Foi, então, a junção das conjunturas externas e dos acontecimentos internos, nas primeiras décadas do século passado, que deram a Campo Grande as suas principais características no que se refere aos estudos deste item. A primeira delas é o formato quadriculado do seu desenho de cidade, com ruas retas e largas, buscado em consonância com as preocupações de higienização e sanitarização das principais cidades brasileiras e européias, conforme foi analisado em item anterior. A outra característica é a definição da função de entreposto comercial e o estabelecimento do comércio e da pecuária de gado bovino para corte como principais bases da sua economia.

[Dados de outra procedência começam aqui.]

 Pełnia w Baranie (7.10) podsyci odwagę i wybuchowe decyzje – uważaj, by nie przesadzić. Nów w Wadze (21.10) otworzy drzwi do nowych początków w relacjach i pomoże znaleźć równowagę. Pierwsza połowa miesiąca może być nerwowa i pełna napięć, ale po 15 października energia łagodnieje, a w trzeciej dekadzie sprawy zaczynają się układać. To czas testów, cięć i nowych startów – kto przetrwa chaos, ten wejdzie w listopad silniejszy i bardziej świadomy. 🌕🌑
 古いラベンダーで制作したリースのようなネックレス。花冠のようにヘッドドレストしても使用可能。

Portanto, a chegada do trem, a estruturação urbana de Campo Grande e a transformação da 14 de Julho em rua principal são assuntos que devem ser analisados levando-se em consideração três momentos distintos, mas complementares.

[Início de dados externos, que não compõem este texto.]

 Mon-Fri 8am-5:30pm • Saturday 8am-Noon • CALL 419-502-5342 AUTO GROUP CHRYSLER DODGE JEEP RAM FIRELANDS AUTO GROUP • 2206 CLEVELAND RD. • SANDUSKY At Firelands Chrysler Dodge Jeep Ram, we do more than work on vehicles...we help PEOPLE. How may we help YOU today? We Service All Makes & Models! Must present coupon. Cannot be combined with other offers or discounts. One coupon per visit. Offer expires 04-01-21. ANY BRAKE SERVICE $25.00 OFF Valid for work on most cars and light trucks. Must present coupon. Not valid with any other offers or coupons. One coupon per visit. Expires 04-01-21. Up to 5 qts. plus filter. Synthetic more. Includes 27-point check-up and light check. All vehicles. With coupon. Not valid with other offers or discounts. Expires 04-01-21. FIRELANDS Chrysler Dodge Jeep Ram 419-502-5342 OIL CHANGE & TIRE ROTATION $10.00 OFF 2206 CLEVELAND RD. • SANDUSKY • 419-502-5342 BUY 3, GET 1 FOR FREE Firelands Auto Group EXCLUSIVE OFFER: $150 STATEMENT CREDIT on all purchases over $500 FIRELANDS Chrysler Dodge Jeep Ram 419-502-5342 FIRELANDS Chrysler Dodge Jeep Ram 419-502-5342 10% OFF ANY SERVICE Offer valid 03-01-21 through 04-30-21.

O primeiro desses momentos refere-se até o ano de 1907, quando ficou estabelecida a inclusão de Campo Grande no traçado definitivo da Estrada de Ferro Noroeste do Brasil. Até aquele fato decisivo, o pequeno vilarejo era constituído de casas alinhadas uma ao lado da outra, ao longo da margem direita do córrego Prosa, tomando o formato de uma rua. Os seus habitantes tinham contato com novas idéias por meio de um sistema de comunicação e trocas de mercadorias, chegadas à vila geralmente em lombos de burros ou carros-de-boi. Tanto as informações quanto as mercadorias eram trazidas de Aquidauana que, por sua vez, as recebia de Corumbá, via fluvial, ou trazidas de São Paulo e do Triângulo Mineiro, por intermédio dos boiadeiros negociantes de gado, existindo, ainda, uma quarta rota de chegada de mercadorias, num comércio fronteiriço, clandestino, proveniente do porto de Concepción, no Paraguai, conforme argumentação de Cleonice Le Bourlegat, na tese já citada.

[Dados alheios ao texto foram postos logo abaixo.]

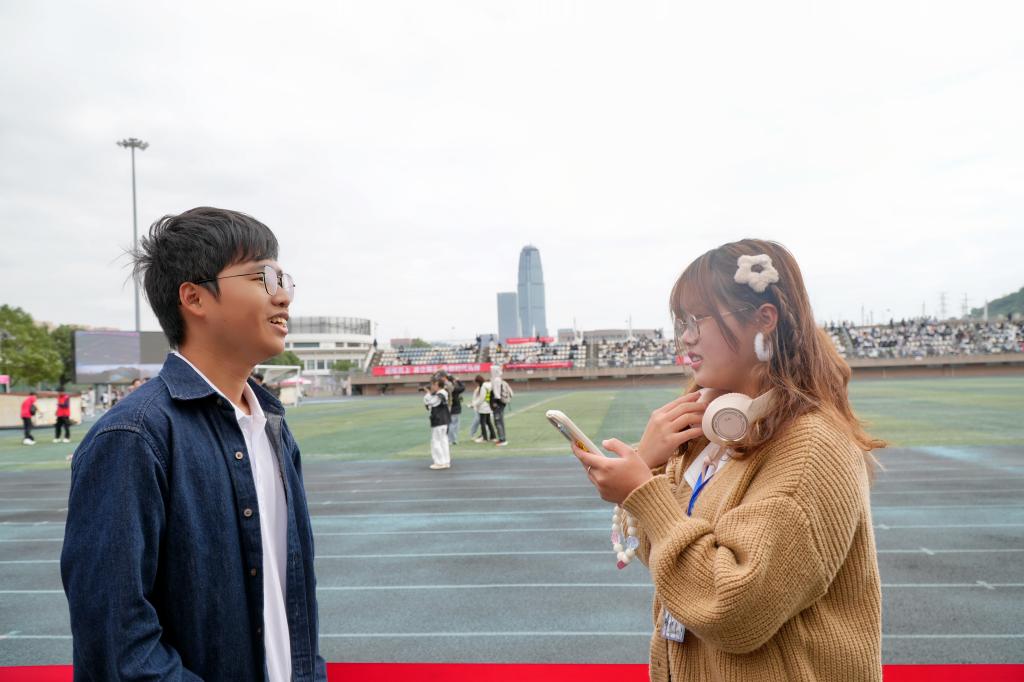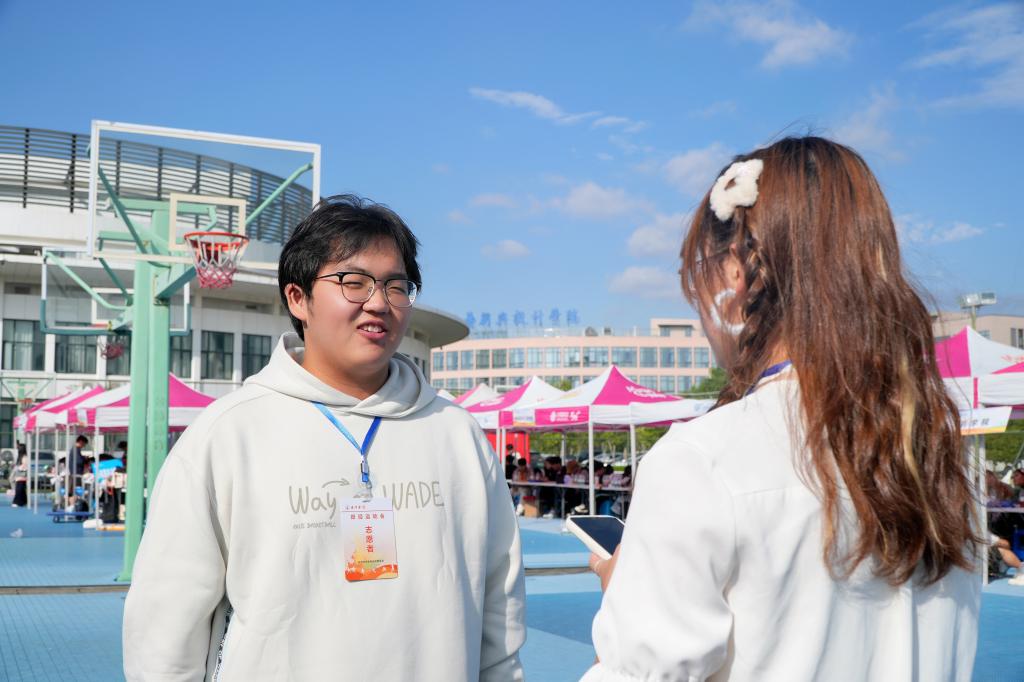 在被询问今天的工作内容时,尤奕能用寥寥几字概括了一天的奔波:对接运动员,全程陪同并提供必要的物资支持。大家都起得很早,而他脸上却看不到经历一上午劳碌后的疲惫,眼眸中的光反而格外闪亮。问及他坚持做志愿者工作的原因时,他如是说:“作为志愿者,最有意义的地方在于能够为社会贡献自己的一份力量,无论大小。通过帮助他人,自己也收获了成长、快乐和满足感。这种正能量的循环,让我觉得生活更加充实和有意义。”

Mas, mesmo assim, naquele momento referido, tudo acontecia na vila de forma muito lenta, numa situação bem típica do modo de vida do

campo, onde o tempo é determinado pelas estações do ano. Isso torna-se mais evidente ao ser verificado que, embora a vila estivesse emancipada desde 1899, a implantação definitiva do município com a eleição do primeiro intendente só aconteceu em 1902 e a primeira sessão da Câmara Municipal ocorreu somente em 1905, quando foi aprovado o primeiro Código de Posturas para o Município. Esse modo de vida era refletido nas relações entre os habitantes e deles com o espaço em que habitavam, assim como nas condições de higiene e de moradia, em forma de pequenos ranchos.

Desta forma, refletindo as relações sociais existentes, ao mesmo tempo em que induzia novas relações, o espaço urbano de Campo Grande começou a ser estruturado junto à confluência dos córregos Prosa e Segredo, a partir de uma única rua, no sentido oeste – leste, com um largo na ponta leste, que servia como estacionamento para as carretas-de-bois dos mascates e dos boiadeiros26. Existia também um rego d’água, construído pelos moradores para o abastecimento das famílias, com a intenção de evitar a perfuração de vários poços. Captada numa pequena cachoeira, próxima à nascente do Córrego Prosa, aquela obra de engenharia primitiva tinha um percurso pela parte mais alta, ao norte do local onde se localizavam as casas27 e tornou-se um elemento tão importante naquela sociedade que teve a sua utilização regulamentada, inicialmente por meio verbal e, posteriormente, através do Código de Posturas, permanecendo o seu uso até 1911, mesmo depois da efetivação da planta da cidade.

O segundo momento refere-se ao período de 1907, após a decisão da inclusão de Campo Grande no traçado definitivo da ferrovia, até 1914 com o fim das obras e a liberação do tráfego de trens entre Bauru e Porto Esperança. Nesse período, foi elaborada, aprovada e construída a planta da cidade, estabelecendo para aquele grupo de habitantes novas maneiras de relacionamento entre eles e deles com o meio em que viviam.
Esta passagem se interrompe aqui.